## Description of the task:
Only the lines from the beginning of the entries through the one with "[Nekrolog. Incipit] M" should be written out, please, exactly and without any pictures.

## Records supplied:
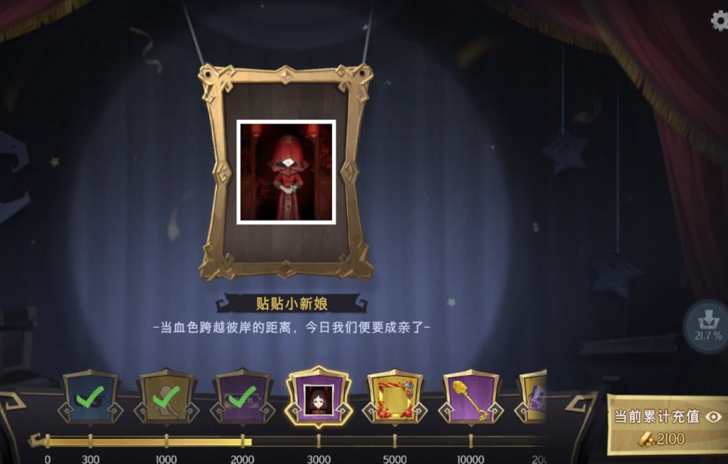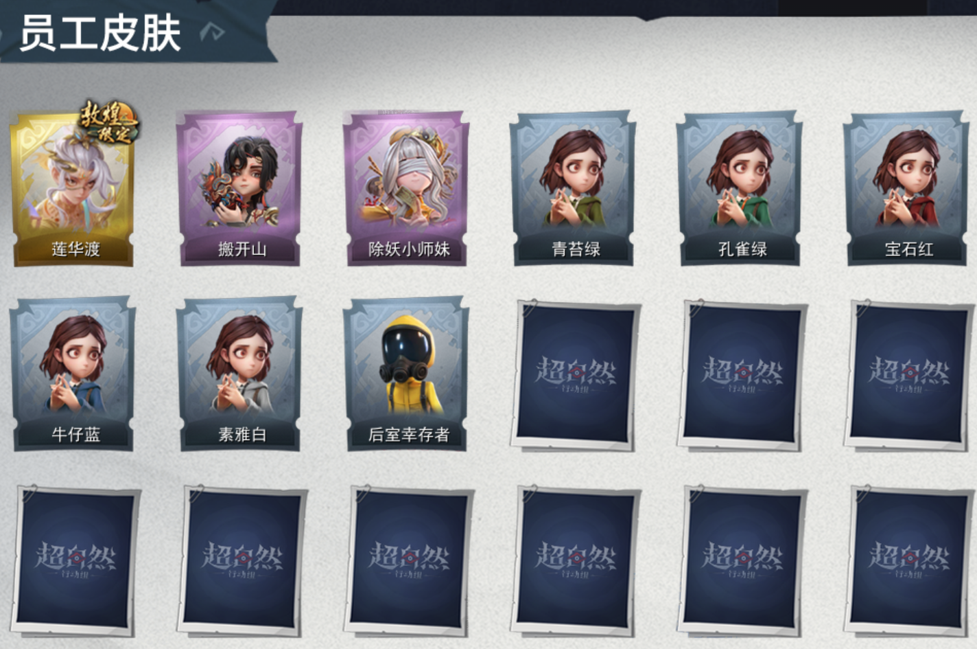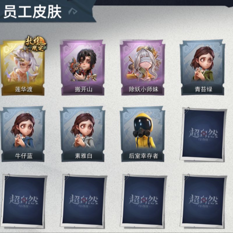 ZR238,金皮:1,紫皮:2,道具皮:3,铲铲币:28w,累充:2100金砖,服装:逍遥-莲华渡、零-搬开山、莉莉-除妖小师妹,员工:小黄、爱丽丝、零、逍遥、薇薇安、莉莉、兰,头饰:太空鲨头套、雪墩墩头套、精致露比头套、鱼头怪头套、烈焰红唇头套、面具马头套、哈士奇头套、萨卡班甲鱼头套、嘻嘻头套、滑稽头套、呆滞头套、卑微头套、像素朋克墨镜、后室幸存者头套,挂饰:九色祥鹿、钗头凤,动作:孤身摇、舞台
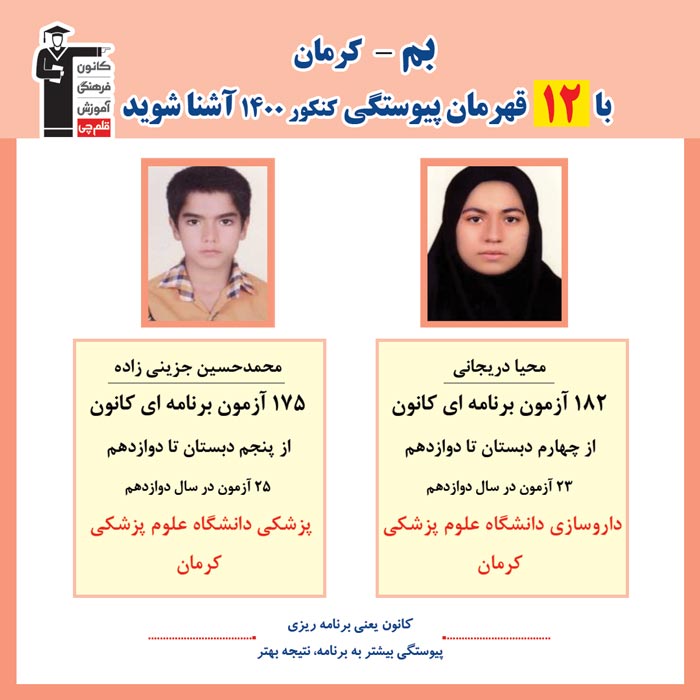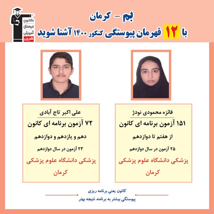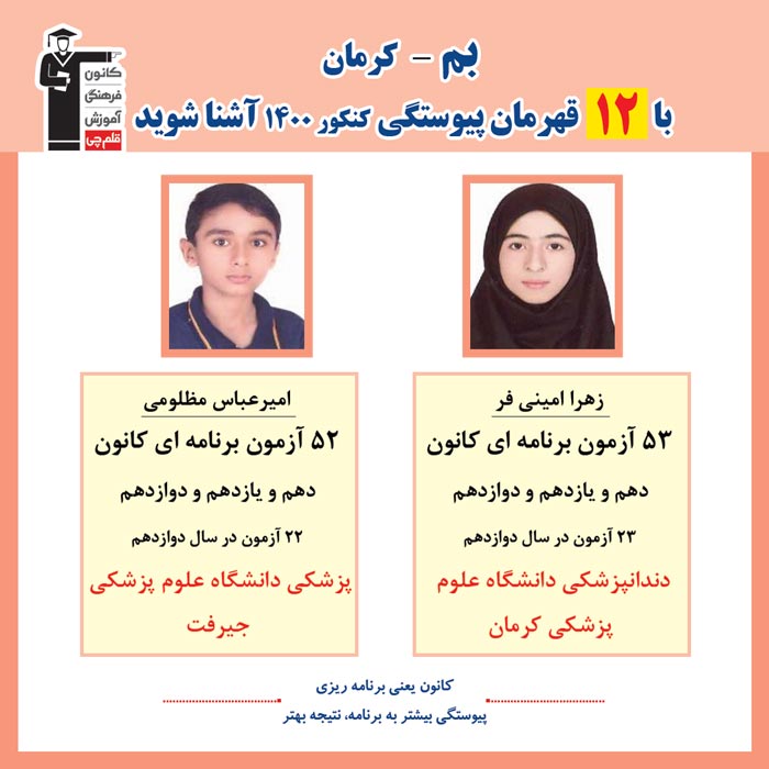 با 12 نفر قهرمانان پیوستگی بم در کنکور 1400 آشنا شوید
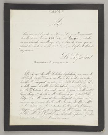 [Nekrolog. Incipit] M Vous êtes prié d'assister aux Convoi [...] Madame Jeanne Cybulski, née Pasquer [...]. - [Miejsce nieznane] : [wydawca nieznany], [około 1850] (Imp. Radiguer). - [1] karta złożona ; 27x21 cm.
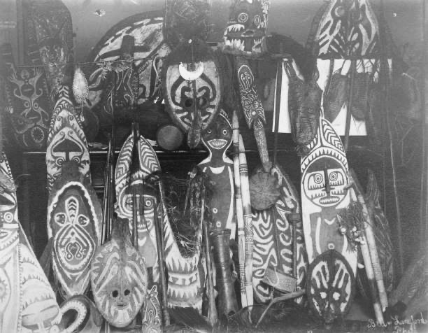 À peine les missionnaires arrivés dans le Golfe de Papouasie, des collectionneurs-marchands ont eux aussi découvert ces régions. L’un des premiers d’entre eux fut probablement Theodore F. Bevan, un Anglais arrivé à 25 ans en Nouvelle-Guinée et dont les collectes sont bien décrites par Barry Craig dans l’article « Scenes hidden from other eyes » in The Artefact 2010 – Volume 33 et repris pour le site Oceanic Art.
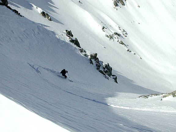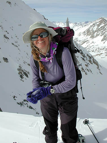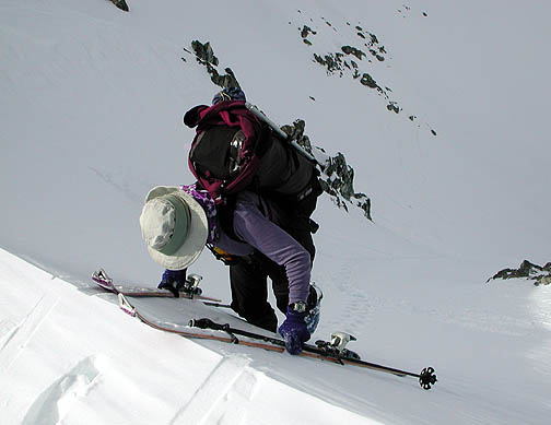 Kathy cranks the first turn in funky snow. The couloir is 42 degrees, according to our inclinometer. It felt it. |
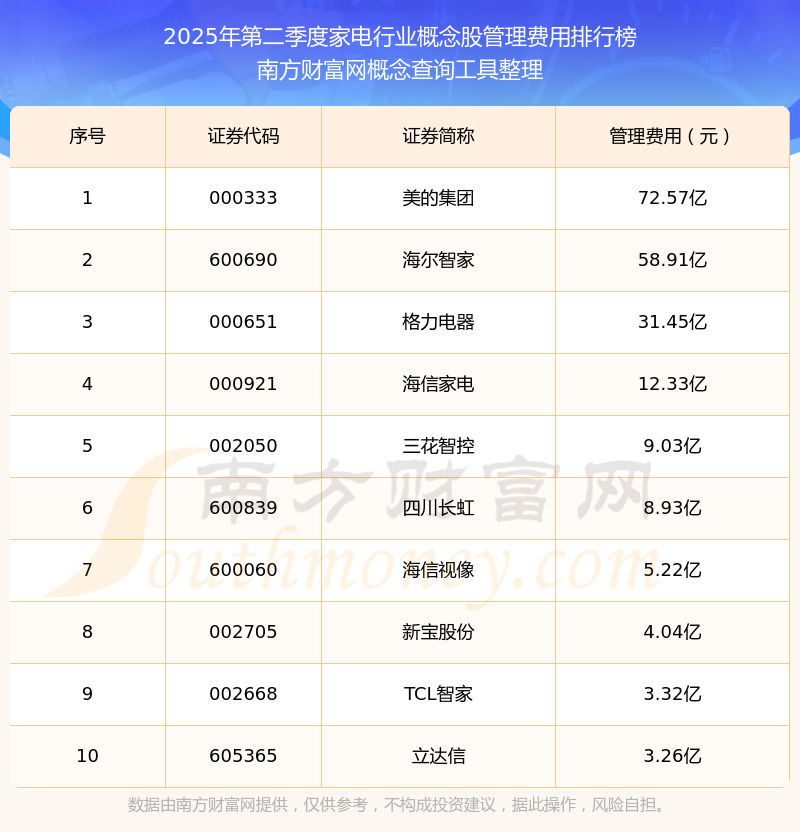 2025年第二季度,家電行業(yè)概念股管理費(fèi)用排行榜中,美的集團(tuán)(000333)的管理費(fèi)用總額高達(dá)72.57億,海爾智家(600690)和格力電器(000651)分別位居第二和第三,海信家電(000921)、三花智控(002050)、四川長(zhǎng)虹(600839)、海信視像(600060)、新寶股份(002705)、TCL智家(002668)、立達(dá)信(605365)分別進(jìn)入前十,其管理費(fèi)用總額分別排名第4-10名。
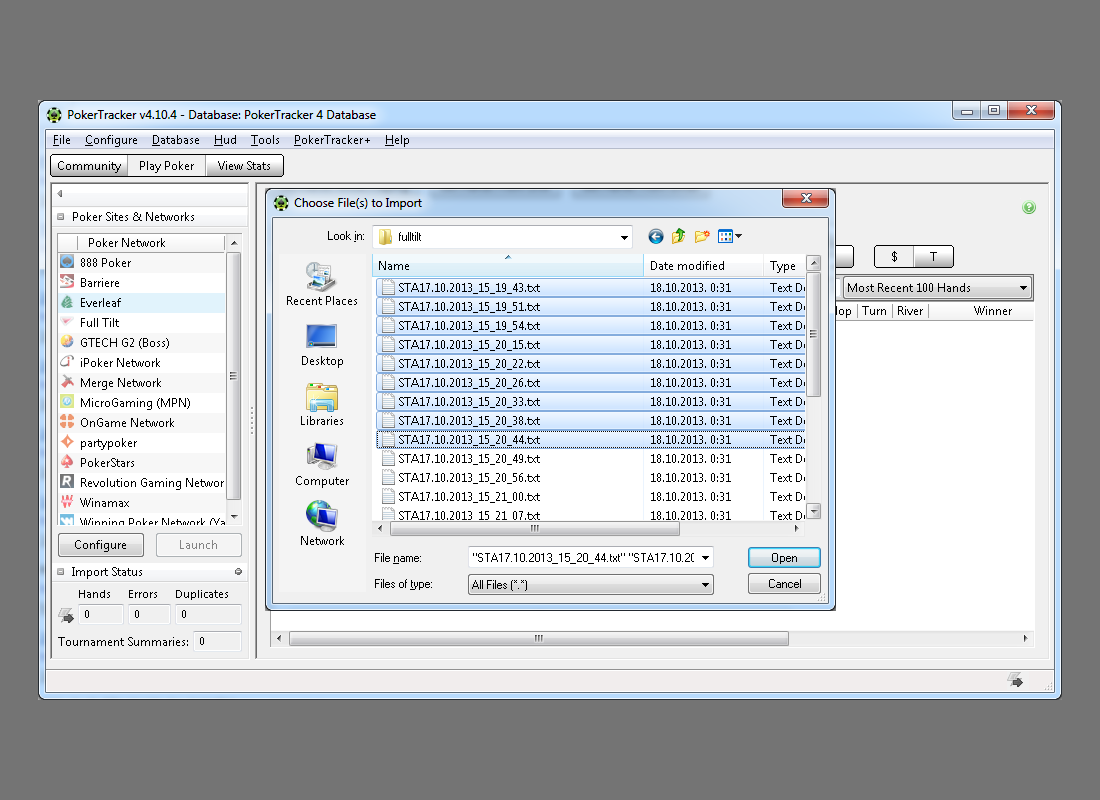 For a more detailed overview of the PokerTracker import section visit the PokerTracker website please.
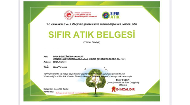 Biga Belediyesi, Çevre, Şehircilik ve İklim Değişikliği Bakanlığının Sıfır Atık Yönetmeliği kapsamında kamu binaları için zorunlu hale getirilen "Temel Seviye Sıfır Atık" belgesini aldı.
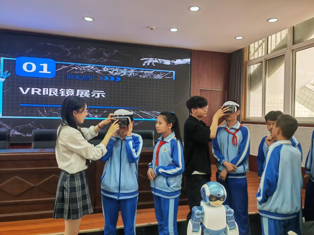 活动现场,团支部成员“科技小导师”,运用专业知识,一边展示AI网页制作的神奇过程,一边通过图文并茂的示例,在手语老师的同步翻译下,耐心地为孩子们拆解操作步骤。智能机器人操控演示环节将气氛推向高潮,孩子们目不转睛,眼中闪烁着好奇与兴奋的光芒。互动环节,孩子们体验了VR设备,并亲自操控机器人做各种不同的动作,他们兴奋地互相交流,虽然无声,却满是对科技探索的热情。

## Finished task:
 ZR238,金皮:1,紫皮:2,道具皮:3,铲铲币:28w,累充:2100金砖,服装:逍遥-莲华渡、零-搬开山、莉莉-除妖小师妹,员工:小黄、爱丽丝、零、逍遥、薇薇安、莉莉、兰,头饰:太空鲨头套、雪墩墩头套、精致露比头套、鱼头怪头套、烈焰红唇头套、面具马头套、哈士奇头套、萨卡班甲鱼头套、嘻嘻头套、滑稽头套、呆滞头套、卑微头套、像素朋克墨镜、后室幸存者头套,挂饰:九色祥鹿、钗头凤,动作:孤身摇、舞台
 با 12 نفر قهرمانان پیوستگی بم در کنکور 1400 آشنا شوید
 [Nekrolog. Incipit] M Vous êtes prié d'assister aux Convoi [...] Madame Jeanne Cybulski, née Pasquer [...]. - [Miejsce nieznane] : [wydawca nieznany], [około 1850] (Imp. Radiguer). - [1] karta złożona ; 27x21 cm.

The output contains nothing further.